Learning World Models With Hierarchical Temporal Abstractions: A Probabilistic Perspective
- URL: http://arxiv.org/abs/2404.16078v2
- Date: Fri, 26 Apr 2024 09:54:28 GMT
- Title: Learning World Models With Hierarchical Temporal Abstractions: A Probabilistic Perspective
- Authors: Vaisakh Shaj,
- Abstract summary: Devising formalisms to develop internal world models is a critical research challenge in the domains of artificial intelligence and machine learning.
This thesis identifies several limitations with the prevalent use of state space models as internal world models.
The structure of models in formalisms facilitates exact probabilistic inference using belief propagation, as well as end-to-end learning via backpropagation through time.
These formalisms integrate the concept of uncertainty in world states, thus improving the system's capacity to emulate the nature of the real world and quantify the confidence in its predictions.
- Score: 2.61072980439312
- License: http://creativecommons.org/licenses/by-sa/4.0/
- Abstract: Machines that can replicate human intelligence with type 2 reasoning capabilities should be able to reason at multiple levels of spatio-temporal abstractions and scales using internal world models. Devising formalisms to develop such internal world models, which accurately reflect the causal hierarchies inherent in the dynamics of the real world, is a critical research challenge in the domains of artificial intelligence and machine learning. This thesis identifies several limitations with the prevalent use of state space models (SSMs) as internal world models and propose two new probabilistic formalisms namely Hidden-Parameter SSMs and Multi-Time Scale SSMs to address these drawbacks. The structure of graphical models in both formalisms facilitates scalable exact probabilistic inference using belief propagation, as well as end-to-end learning via backpropagation through time. This approach permits the development of scalable, adaptive hierarchical world models capable of representing nonstationary dynamics across multiple temporal abstractions and scales.
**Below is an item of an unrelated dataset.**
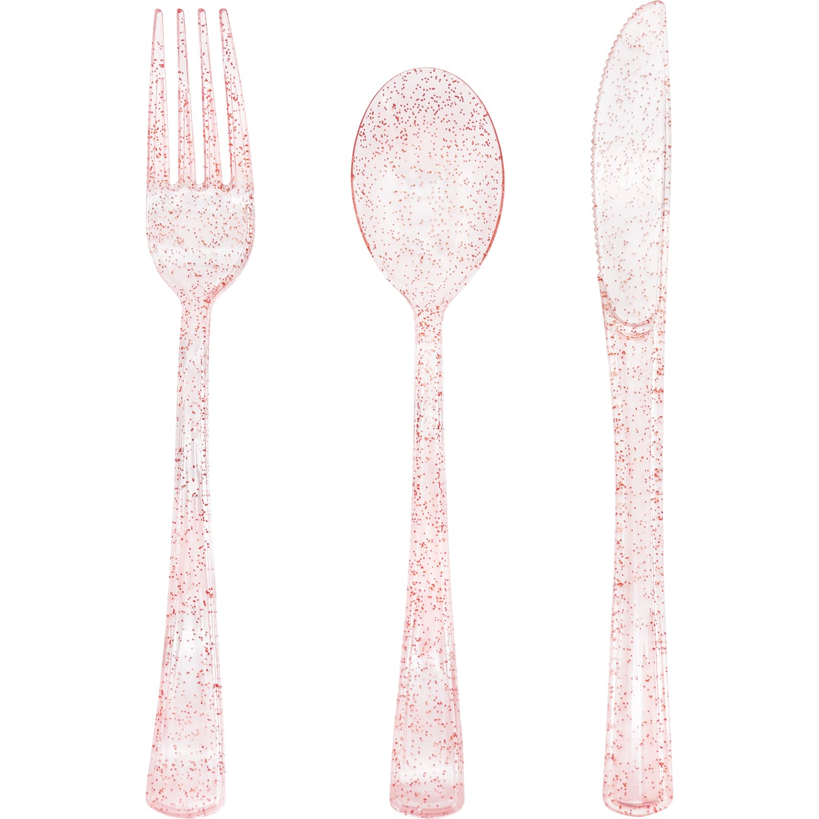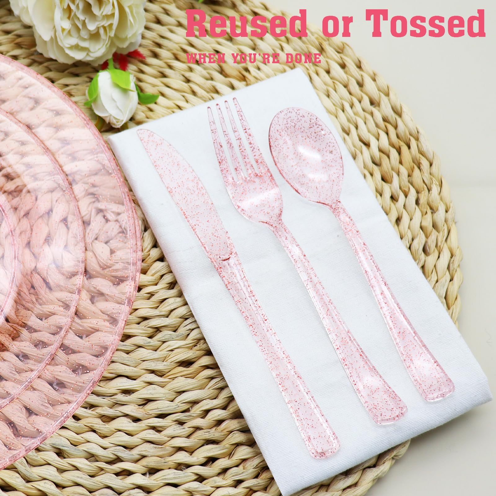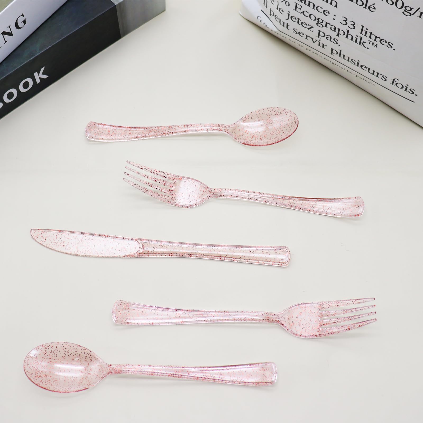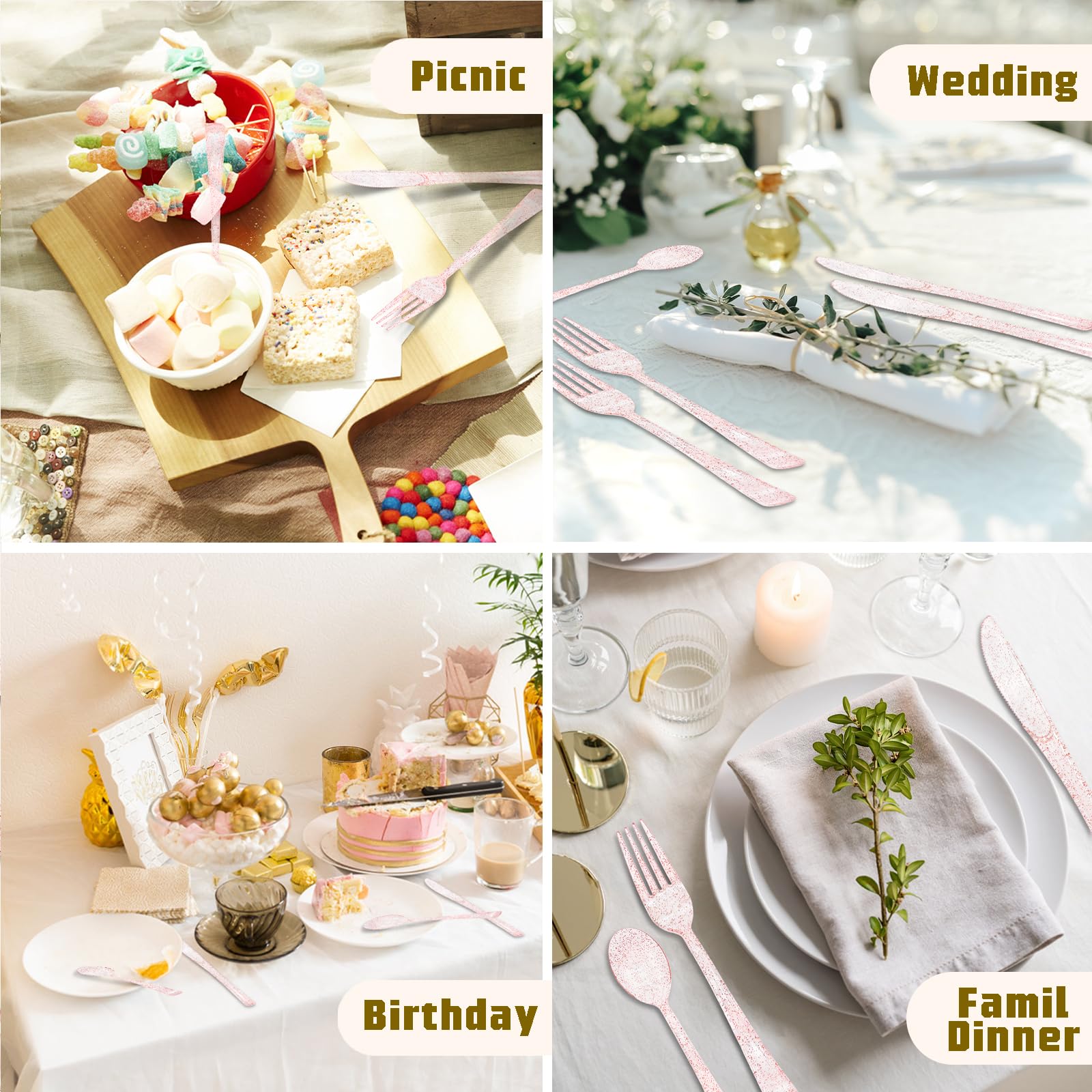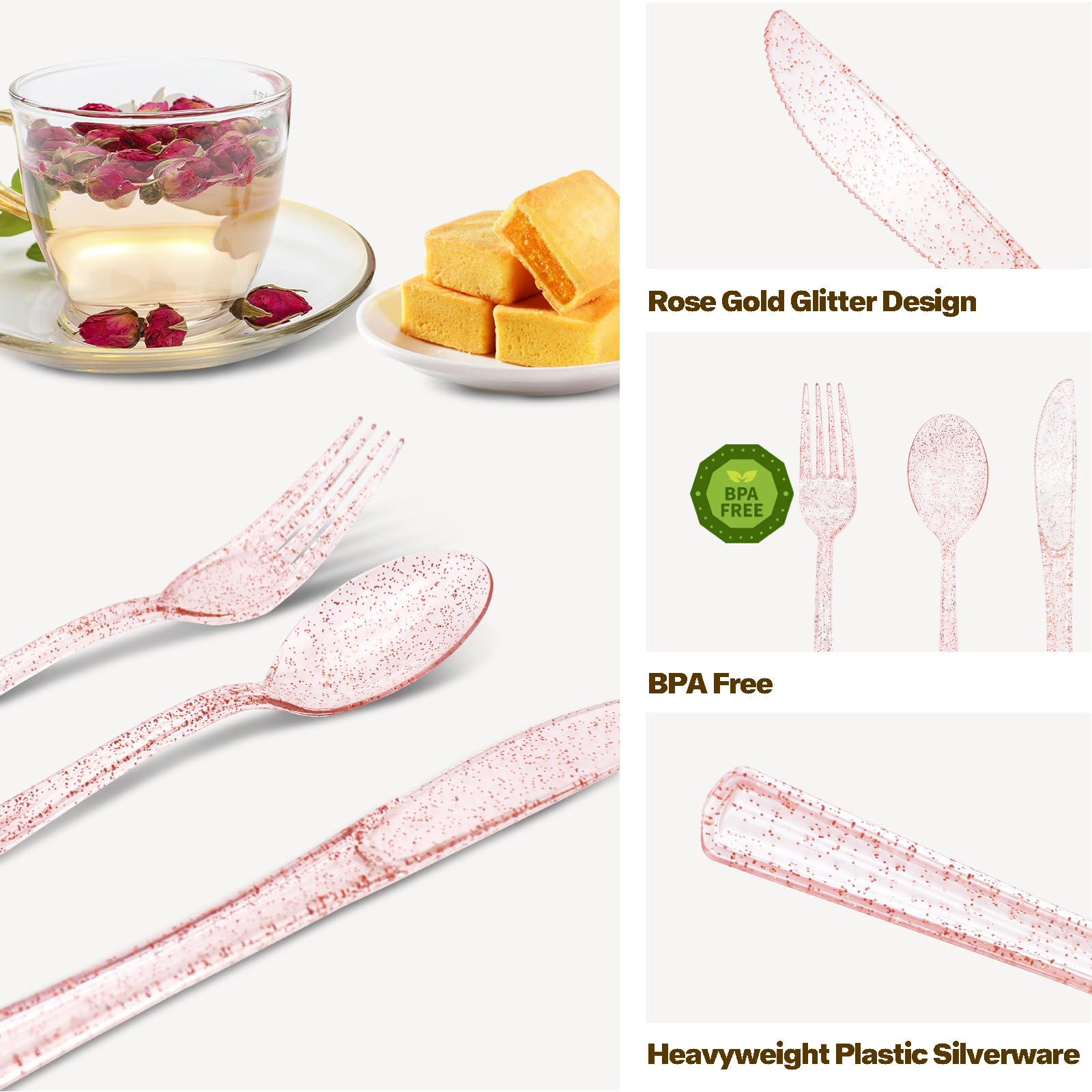 【Unique Rose Gold Glitter Design 】: Rose Gold is a warm and romantic color that can give a pleasant and comfortable feeling. The unique glitter appearance brings a sense of modernity and fashion. Plastic silverware is not only practical tableware, but also decorative on the table, adding bright and lively colors to the table.

Moreover, these probabilistic formalisms integrate the concept of uncertainty in world states, thus improving the system's capacity to emulate the stochastic nature of the real world and quantify the confidence in its predictions. The thesis also discuss how these formalisms are in line with related neuroscience literature on Bayesian brain hypothesis and predicitive processing. Our experiments on various real and simulated robots demonstrate that our formalisms can match and in many cases exceed the performance of contemporary transformer variants in making long-range future predictions. We conclude the thesis by reflecting on the limitations of our current models and suggesting directions for future research.